A Flagship For 70 Years


Journalism program founder Wilfrid Eggleston discusses newspapers with a group of Carleton students in 1958.

From Underwoods to iPhones

Three of the first six degrees granted by Carleton in October 1946 were awarded to Journalism students.

The university’s journalism program was launched in October 1945, partly in response to the strong demand for instruction in the field coming from soldiers who returned to Ottawa after the Second World War.

The program was spearheaded after 1947 by the distinguished newspaper columnist, historian and public servant Wilfrid Eggleston, widely viewed today as the father of journalism education in Canada.

By the time Carleton’s sprawling new campus opened along the Rideau River shore in 1959, journalism had grown from its humble beginnings in rented space in downtown Ottawa – to become one of the university’s signature degree programs.

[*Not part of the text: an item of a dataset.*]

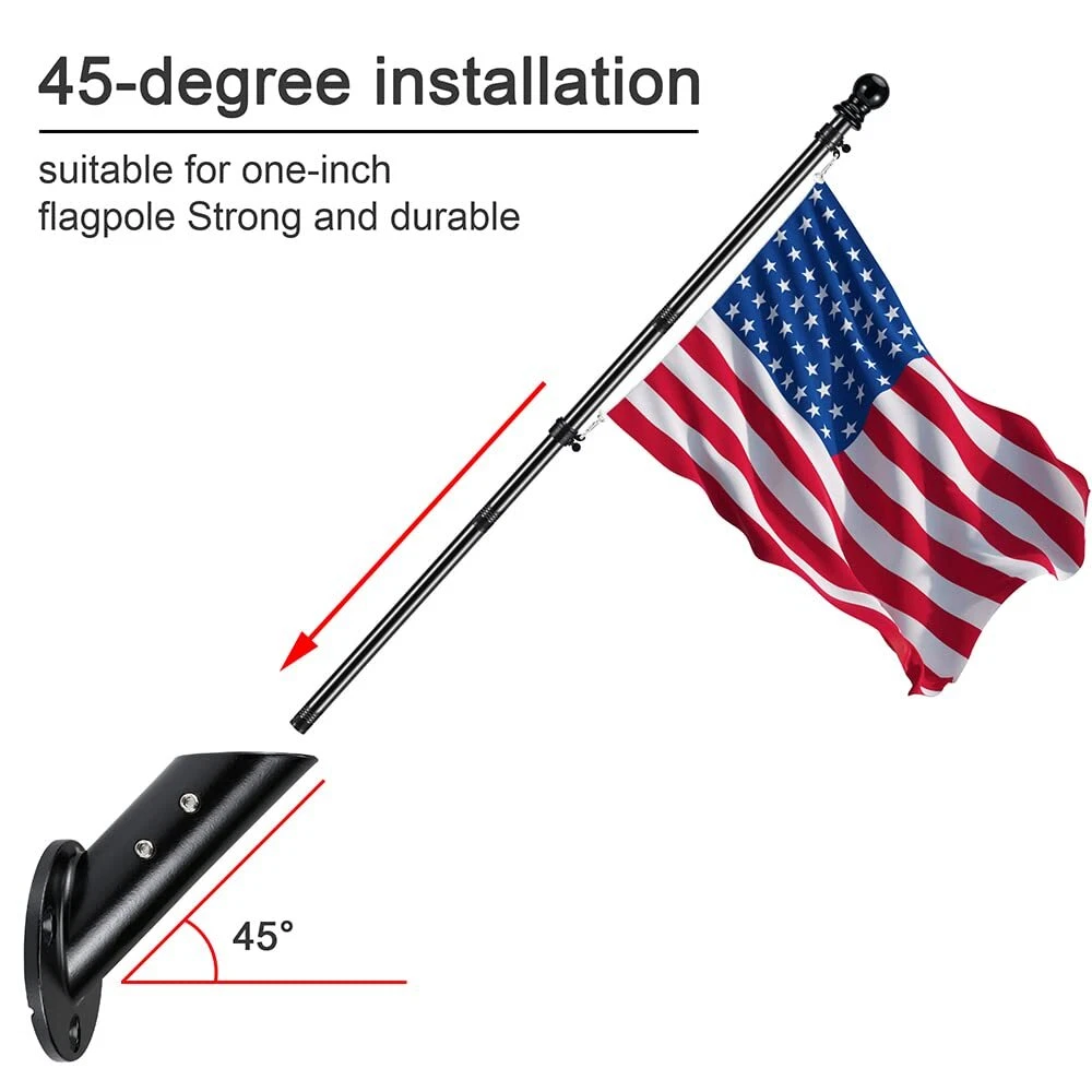 Flag Pole Holder Specification Material: 304 Stainless Steel Color: Black weight: 0.57lb / 259.5g Installation Accessories Specification Screws: Length 1.57in / 40mm Expansion screws: Length 1.69in / 43mm Installation Method ✔ If you're mounting to stone/concrete/masonry, first mark the installation position of 3 holes. And then drill a hole slightly longer than 43mm with 10mm (3/8”) diameter brill. Insert the expansion screw fully into the hole in the wall. Then align the three holes of the bracket with the installation position, and finally tighten the screw to fix the base with the cross screwdriver. What will you get? Flag Pole Holder x 1 Expansion screws x 3 Screws x 3 304 stainless steel: The surface is beautiful, bright, durable, and scratch-free. Highly polished to a beautiful mirror-like finish. Flag Pole Bracket: It is made high quality 304 stainless steel which is waterproof, corrosion-resistant, and durable. More durable than aluminum, plastic materials, or other materials. 45 degrees install: It can be installed on your roof, yard, porch, truck, or RV, as well as the yacht, boat, deck, wooden pile, etc. Size: Suitable for flagpole within 1 inch. Measures approximately 2.75”w x 4.33“h. And come with screws and expansion screws for your choice. RISK-FREE purchase! If you have any issues or you think everything is not as advertised, please feel free to us.

“Our first quarters in the old building on First Avenue consisted of two small rooms on the second floor,” Eggleston recalled in his 1968 autobiography, While I Still Remember. “Our first equipment took the form of half a dozen ancient typewriters, bolted to benches alongside the walls… Our first library consisted of a short row of books in my office.

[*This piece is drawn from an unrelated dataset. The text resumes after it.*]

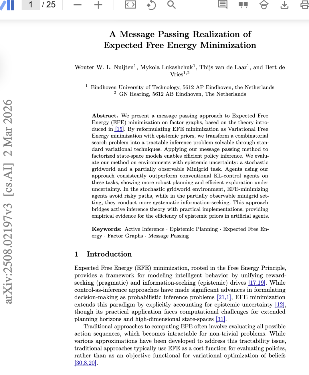 通过将EFE最小化重新表述为变分推理,我们的工作有助于将自由能原理和主动推理的理论框架与不确定性下决策的实际实现相统一。这架起了智能行为理论解释与人工智能体高效算法之间的桥梁,为在复杂和不确定环境中平衡实用目标与认知目标提供了一种原则性的方法。
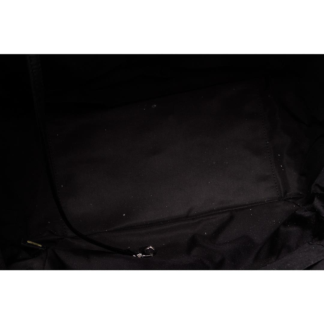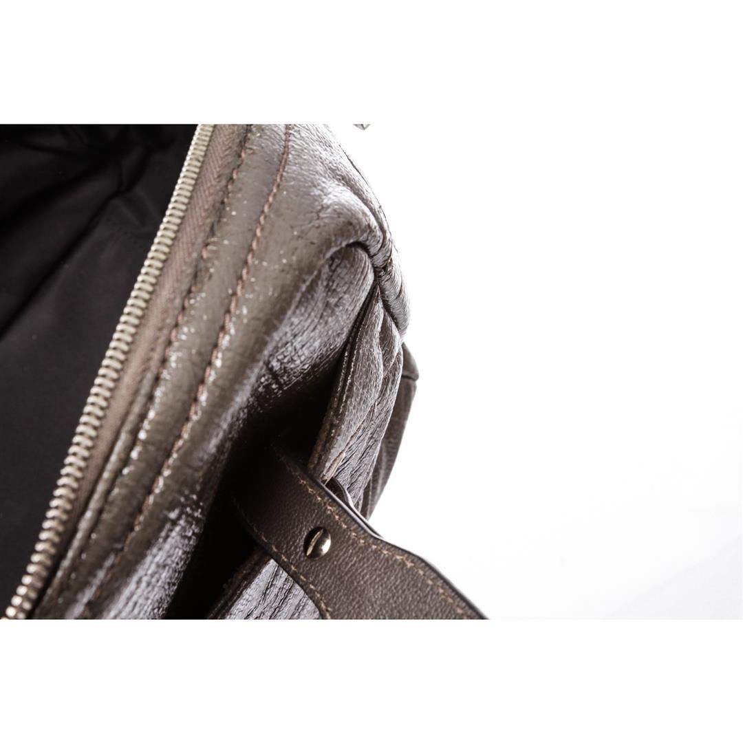 Crafted out of gray vinyl, double flat handles, silver tone hardware, and zip top closure. Outer side slip pocket. Inner black fabric lining, side zip pocket, and dual slip pockets. Authentic.

With no more equipment than that, the first waves of students, wonderful candidates in every respect, seasoned war veterans many of them, were prepared for the life work they had chosen.”

Susan Harada (right), current head of Carleton’s journalism program, works with a team of TV students.

A Story of Change and Adaptation

Canada’s original journalism school went on to prepare its thousands of graduates for careers in the news industry and a host of other fields that required research skills, public engagement and effective communication.

Throughout these early decades, a belief took hold that Carleton journalism students should not only receive practical training but also a broad and deep university education embracing the arts, humanities, social sciences and other spheres of knowledge.

Founded during the golden age of newspapers, Carleton’s J-School remained a key training ground for print journalists even as it evolved, by the 1970s, into the country’s top degree program for television and radio professionals, as well.

During that decade, the school added an academic Communication program to critically examine the role of mass media in society.

As the school expanded and matured, its faculty members emerged as authoritative voices on national issues related to the news industry, journalism ethics, media law, politics and more.

The tradition of change and adaptation continues as Carleton’s School of Journalism and Communication prepares new waves of graduates for careers in a digital world dominated by ever more social, mobile and dynamic means of spreading news, opinion and information.

Now located in Carleton’s Richcraft Hall, where students have access to the latest in television, radio and online production technologies, the journalism program celebrated its 70th anniversary in 2015 and will be featured prominently as Carleton University prepares to mark its 75th anniversary in 2017.

Embracing the future

The 70th anniversary of the Journalism program in fall 2015, the 70th anniversary of the conferral of the first Journalism degrees in fall 2016, and the university’s 75th anniversary in 2017 all highlight our school’s storied past, while showcasing its headlong rush into the digital age.